Below are records to return verbatim; the pictures are to be dropped.

•••

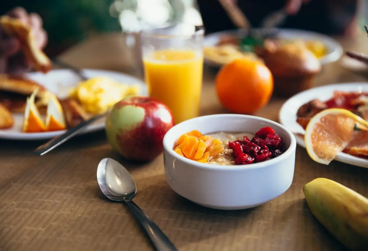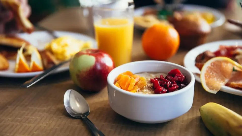 Um café da manhã saudável pede muitas frutas e ingredientes que não contém muita gordura. Além disso, você pode fazer substituições, por exemplo, utilizar a aveia ou outras farinhas mais nutritivas em vez da farinha de trigo branca normal.
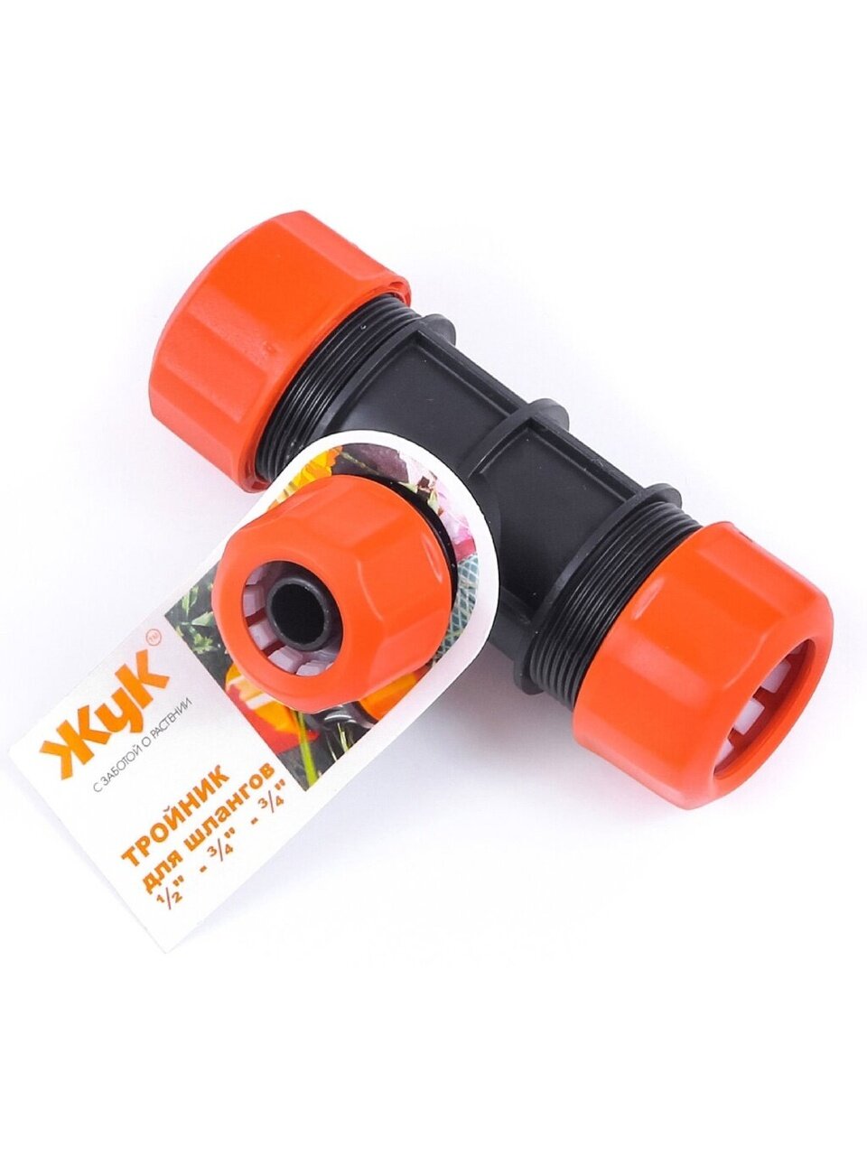Тройник цанговый "ЖУК" 3/4" - 3/4" - 1/2" — надежное решение для соединения труб различного диаметра. Изготовленный из прочного пластика, он обеспечивает долговечность и устойчивость к внешним воздействиям. Идеально подходит для использования в системах водоснабжения и ирригации.
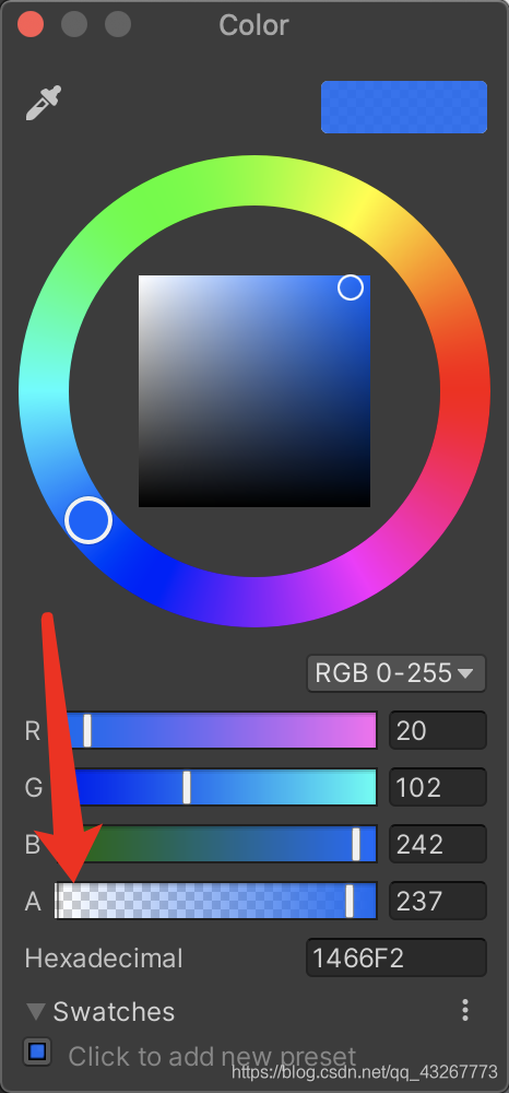 而后能够批改 `rending mode` ,能够变换对象的各种属性,这里抉择 `transparent`
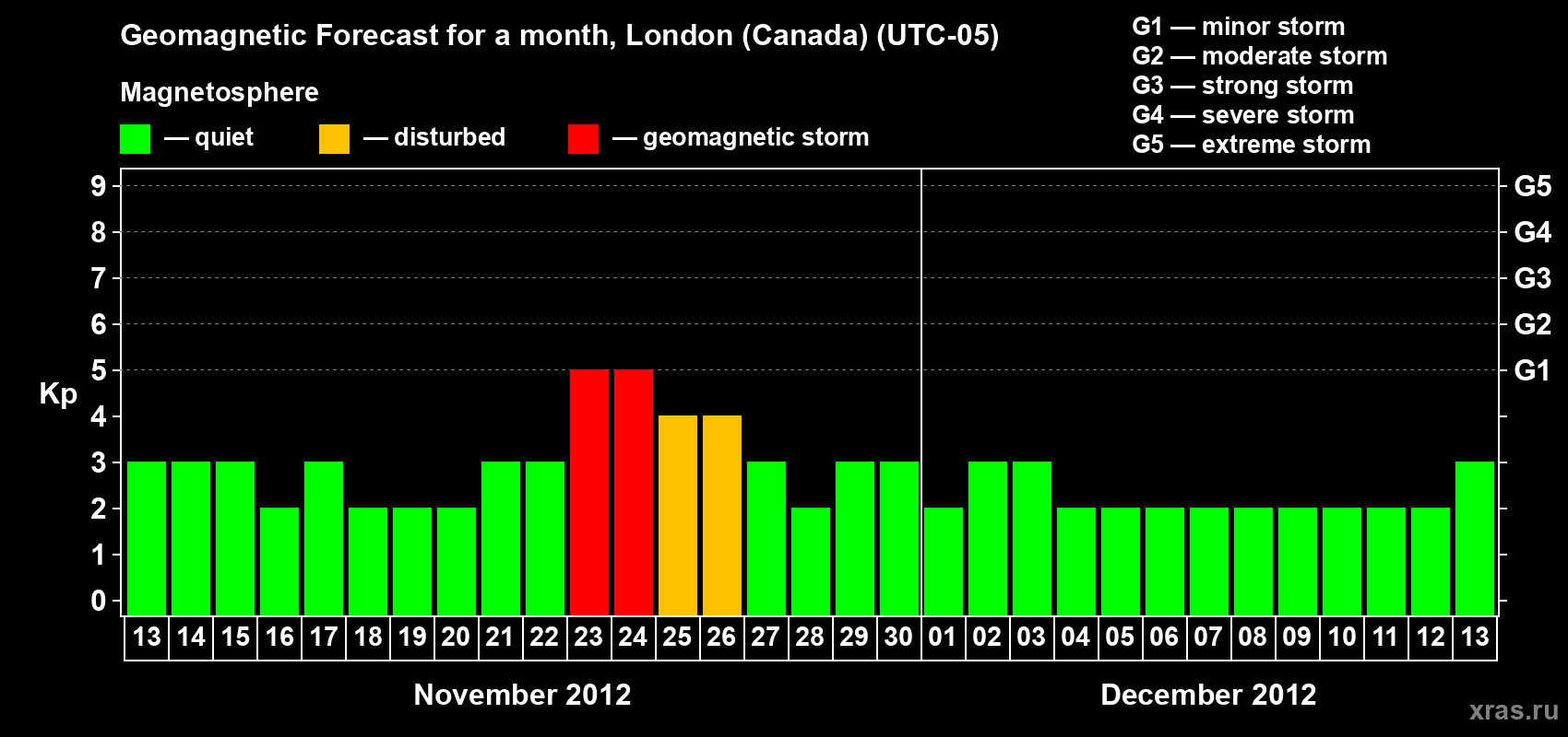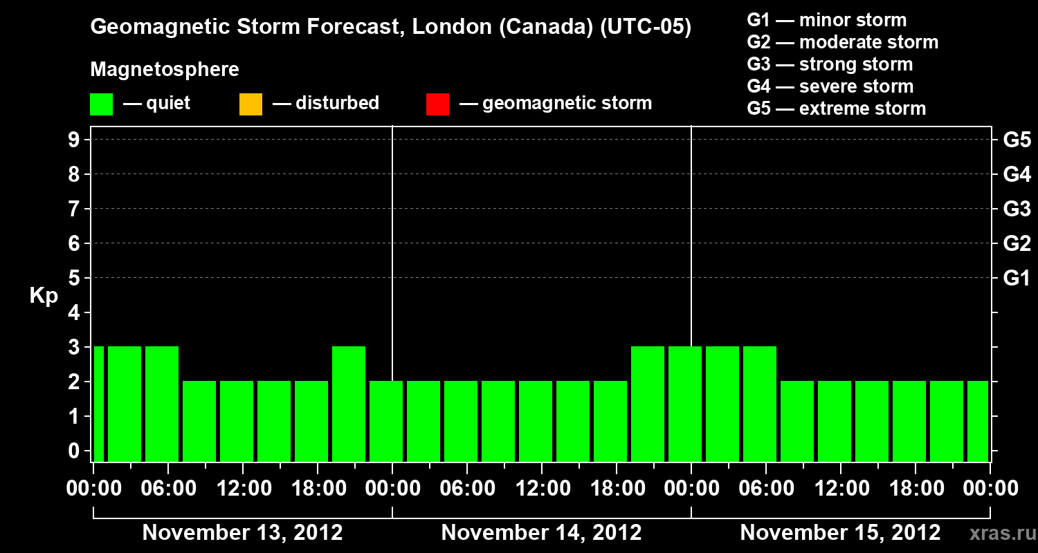 Geomagnetic storm forecast in London (Canada) for Nov 13, 2012
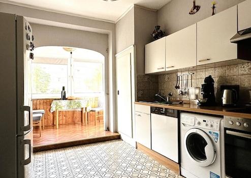 * funktionelle Küche mit Markengeräten (gehört dem Mieter)
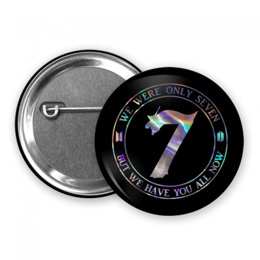 Przypinka w kształcie koła z prawdziwym połyskującym efektem holo i zdaniem We were only seven z piosenki BTS We are bulletproof : The Eternal.
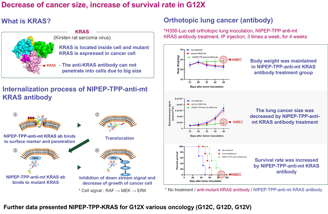 NIBEC is applying its PDC concept to various indications, including oncology. For example, the company is developing an NIPEP-TPP anti-mutant KRAS antibody that binds the G12C mutant form of human KRAS protein expressed in some lung cancers. Normally, the large size of an anti-KRAS antibody prevents it from penetrating cells, but joining it to NIPEP-TPP enables the antibody to penetrate the target cell, where it can bind mutant KRAS to decrease cancer growth. NIPEP-TPP anti-KRAS antibody decreased size of orthotopic lung cancer and increased survival rate.
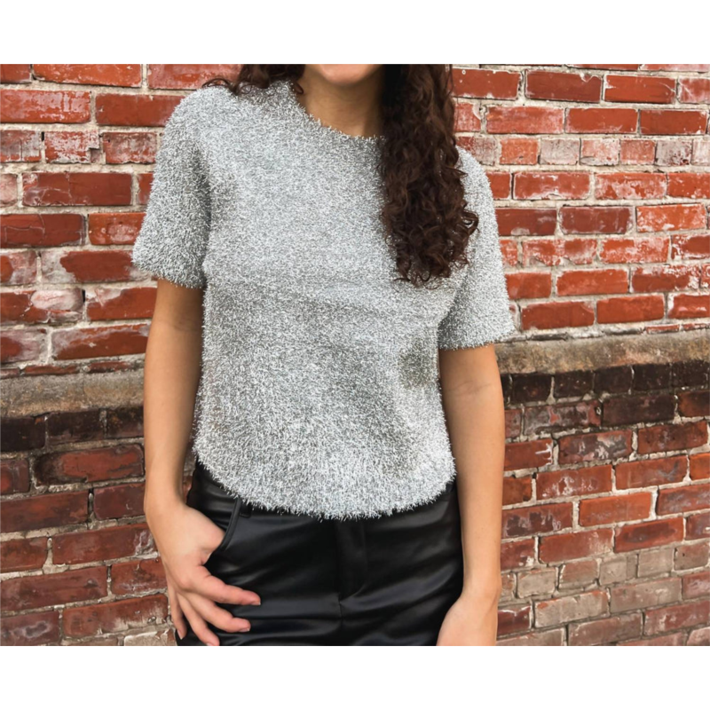[US] DESIGN HISTORY adeline short sleeve sweater top in silver
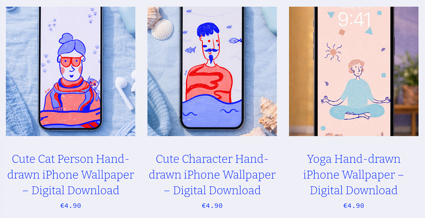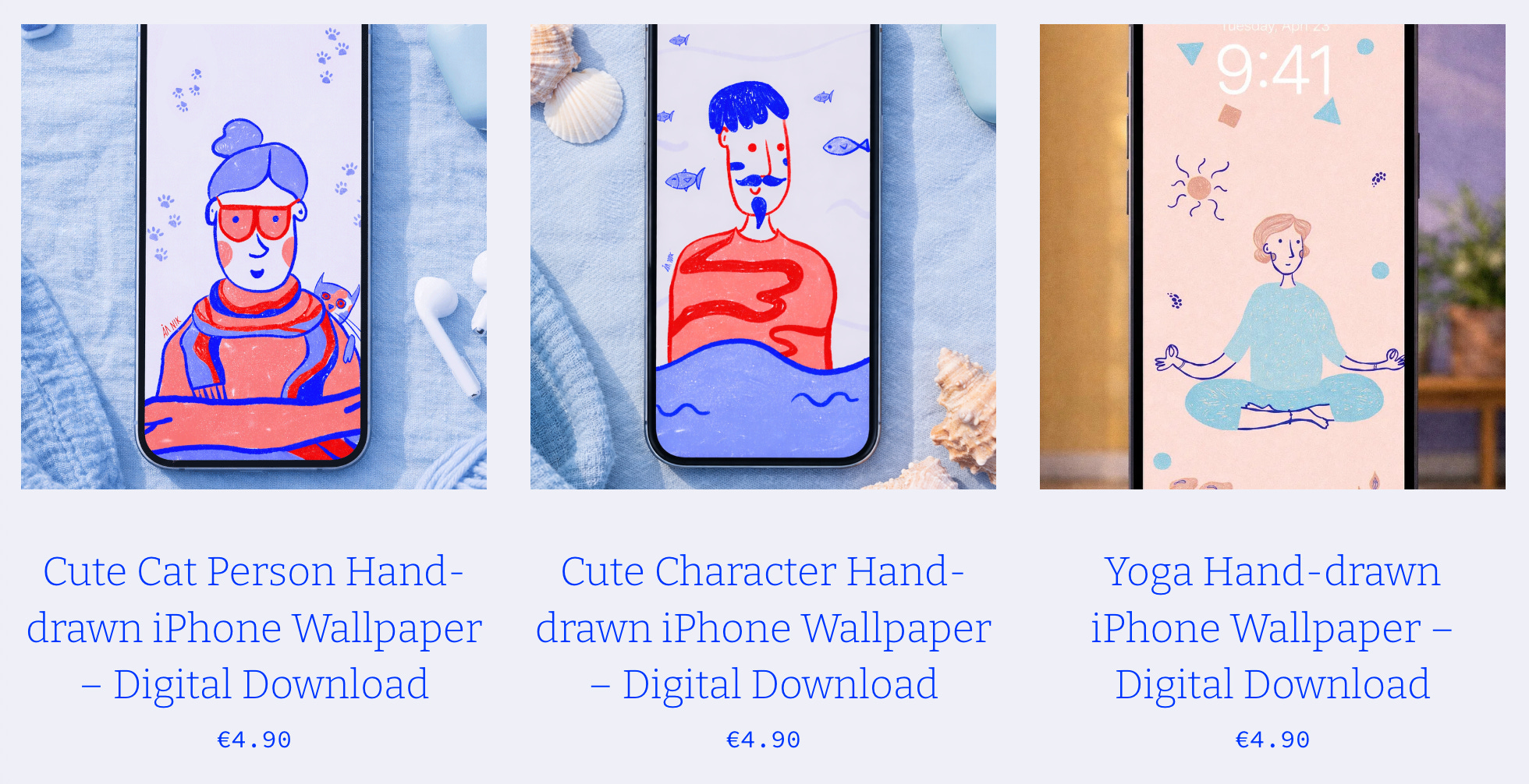 I’m happy to share that I made a new type of product for my art shop: a cute iPhone wallpaper series (that I hope will work on other smartphones as well) to refresh your lock or home screen. It is a cheap and small thingy you can get for yourself or as a gift, and can support my art on the way <3 It costs less than a beer at the bar! :D

•••

• RESPONSE TO THE EXERCISE
 Um café da manhã saudável pede muitas frutas e ingredientes que não contém muita gordura. Além disso, você pode fazer substituições, por exemplo, utilizar a aveia ou outras farinhas mais nutritivas em vez da farinha de trigo branca normal.
Тройник цанговый "ЖУК" 3/4" - 3/4" - 1/2" — надежное решение для соединения труб различного диаметра. Изготовленный из прочного пластика, он обеспечивает долговечность и устойчивость к внешним воздействиям. Идеально подходит для использования в системах водоснабжения и ирригации.
 而后能够批改 `rending mode` ,能够变换对象的各种属性,这里抉择 `transparent`
 Geomagnetic storm forecast in London (Canada) for Nov 13, 2012
 * funktionelle Küche mit Markengeräten (gehört dem Mieter)
 Przypinka w kształcie koła z prawdziwym połyskującym efektem holo i zdaniem We were only seven z piosenki BTS We are bulletproof : The Eternal.
 NIBEC is applying its PDC concept to various indications, including oncology. For example, the company is developing an NIPEP-TPP anti-mutant KRAS antibody that binds the G12C mutant form of human KRAS protein expressed in some lung cancers. Normally, the large size of an anti-KRAS antibody prevents it from penetrating cells, but joining it to NIPEP-TPP enables the antibody to penetrate the target cell, where it can bind mutant KRAS to decrease cancer growth. NIPEP-TPP anti-KRAS antibody decreased size of orthotopic lung cancer and increased survival rate.
[US] DESIGN HISTORY adeline short sleeve sweater top in silver
 I’m happy to share that I made a new type of product for my art shop: a cute iPhone wallpaper series (that I hope will work on other smartphones as well) to refresh your lock or home screen. It is a cheap and small thingy you can get for yourself or as a gift, and can support my art on the way <3 It costs less than a beer at the bar! :D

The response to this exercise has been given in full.